She didn't have to. Everyone in the station knew Dr. Agnete Voss. Retired pathologist, sharp as a scalpel, famous for being right and for making everyone else feel stupid for being wrong.

"What are her initials doing on evidence?" Tormod asked.

"I don't know," Lena said.

"But you have theories."

She did.

She just hated them.

She pulled out her notebook and wrote:

Theory A: Killer copied initials to frame Agnete.

Theory B: Killer acquired object belonging to Agnete.

Theory C: Agnete involved.

Her pen hovered over C.

She didn't circle it.

She wasn't ready.

"Okay," Tormod said softly, reading the notebook anyway because he always did. "We'll treat it like evidence, not like family."

Lena's laugh came out sharp. "Family is evidence."

Tormod didn't argue.

A uniformed officer appeared at Lena's partition, awkwardly clearing his throat.

"Detective Voss?"

Lena looked up.

It was the same young officer from the scene. His cheeks were still red from cold.

"The ice block is en route to the morgue," he said. "Dr. Hauge asked that you be present when we start thawing."

"I'll be there," Lena said.

The officer hesitated. "Uh. Also. There's something else."

Lena felt her attention tighten like a wire. "What?"

He swallowed. "We found a second block."

Tormod's head snapped up.

"A second block," Lena repeated.

"Yes, ma'am. Not at the scene. Under the rear stairs of Nordheim's apartment building. Someone had tucked it into a plastic tub like they were… hiding it."

Lena stood.

The room around her faded.

A second block meant the killer had planned more than one message.

Or the victim had.

Or someone else had.

"What's inside?" Tormod asked.

The officer looked between them. "We haven't opened it. It's… clear. Like the other. But the object inside is different."

Lena's throat felt tight.

"Describe it," she said.

The officer frowned, concentrating. "It's shaped like… a little church, maybe. Or a house. Glass. And the base has—"

"Initials," Lena finished.

He nodded. "Yes. The same."

A.V.

Lena felt the cold in her chest spread.

Tormod's hand found her elbow, grounding.

"Where is it now?" Lena asked.

"Evidence freezer," the officer said. "Locked."

Lena nodded. "Good. Nobody touches it until I do."

The officer left.

Tormod waited until he was gone, then said quietly, "A church?"

Lena stared at her computer screen, at the photo of the whale.

Glass.

Ice.

Initials.

A set.

Her mind—trained, hungry—started arranging pieces.

Whale.

Church.

If there was a church, there could be others.

A pattern collection.

A set.

Her childhood flashed without permission: a shelf behind a desk, small glass shapes catching lamplight, her mother's study smelling of ink and coffee and formaldehyde.

She swallowed.

She hadn't thought about that shelf in years.

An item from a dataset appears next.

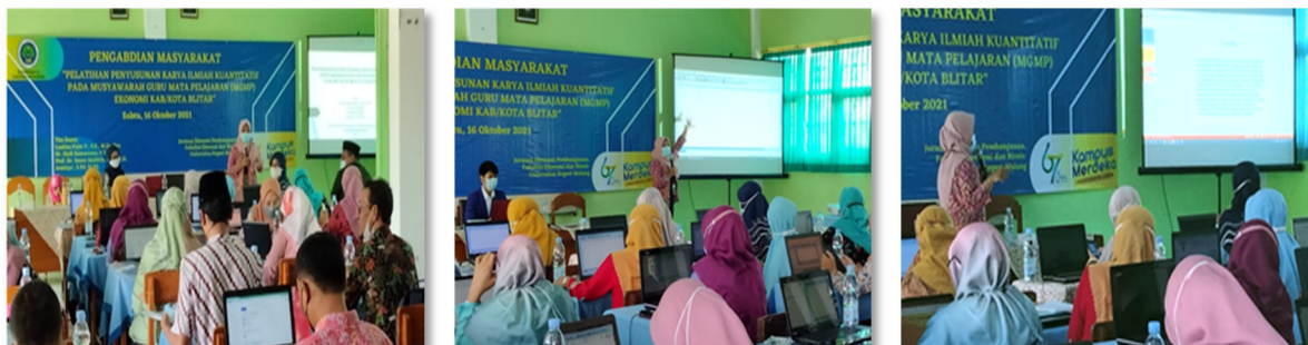
Figure 2. Service activity

"You remember," Tormod said.

Lena didn't answer.

Her phone buzzed.

Unknown number.

A single line of text this time.

NOT THE FIRST.

Lena's fingers went numb.

She opened her case folder and wrote the sentence down.

Not the first.

She didn't know if it was a threat or a confession.

Or both.

Tormod watched her write, then asked, "What does it mean?"

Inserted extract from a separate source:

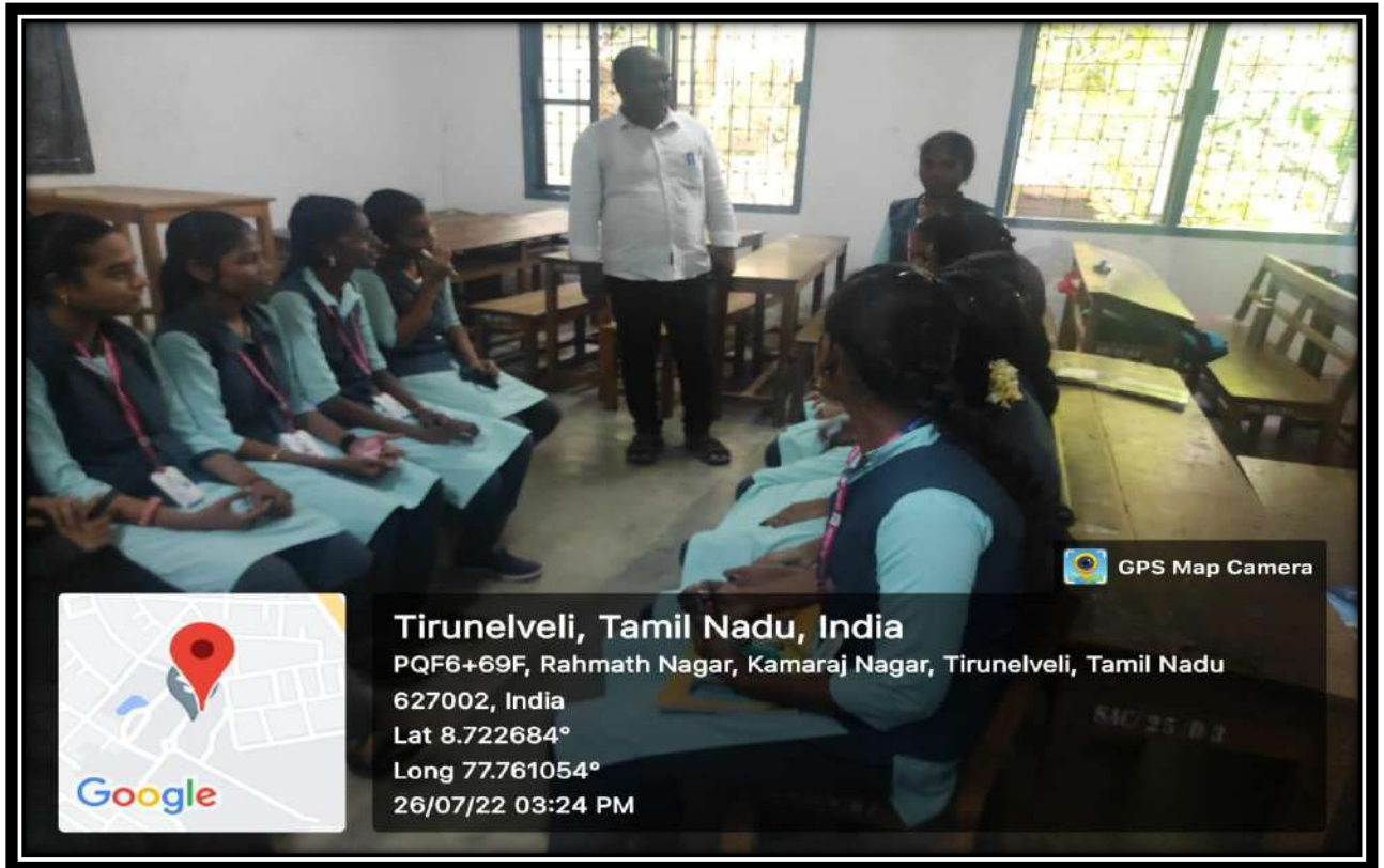
The Department organizing a Group Discussion

Lena's voice came out thin. "It means we're behind."

"By how much?"

She didn't know.

But she felt it.

A winter that had started before the weather.

A set that had started before Eva Nordheim.

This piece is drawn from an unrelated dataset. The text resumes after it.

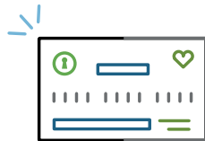
View your benefit card

A watcher who knew her schedule.

And somewhere, in a freezer or a basement or a locked room, more clear ice blocks waiting like sealed prayers.

Lena stood.

"Come on," she said.

"Where?" Tormod asked.

"Morgue," Lena replied. "We thaw the whale and see what else the ice wants to say."

Tormod grabbed his coat.

As they walked, Lena's mind replayed the frost pattern on her window.

The whale.

The outline.

The way it had looked like meaning.

Maybe it wasn't her mind making meaning.

Maybe something else was writing.

In glass.

In ice.

In her.

At the elevator, Tormod looked at her and said, "Eat after."

Lena stared at him.

He didn't blink.

She nodded once.

Not because she agreed.

Because she understood the rule.

If she didn't take care of the vessel, the cold would fill it.

And she didn't know yet what would happen when she froze from the inside out.

───

The morgue was warmer than outside, but it was the wrong kind of warmth.

Warmth that smelled of chemicals and bleach, warmth that came from fluorescent lights buzzing in their housings, warmth that lived above tiled floors and stainless steel.

Lena signed in out of habit, even though everyone in the building knew her name.

The clerk at the desk glanced up and then looked away too quickly.

Pity.

Or fear.

She didn't care which.

Tormod followed her down the hallway lined with doors labeled with numbers like hotel rooms. There were no windows. The absence of daylight felt appropriate.

Dr. Silje Hauge met them outside the autopsy suite.

Thirty-six years old, sharp cheekbones, hair pulled back so tight it looked painful. Humorless. Precise.

The kind of woman who didn't waste words because words were an expense.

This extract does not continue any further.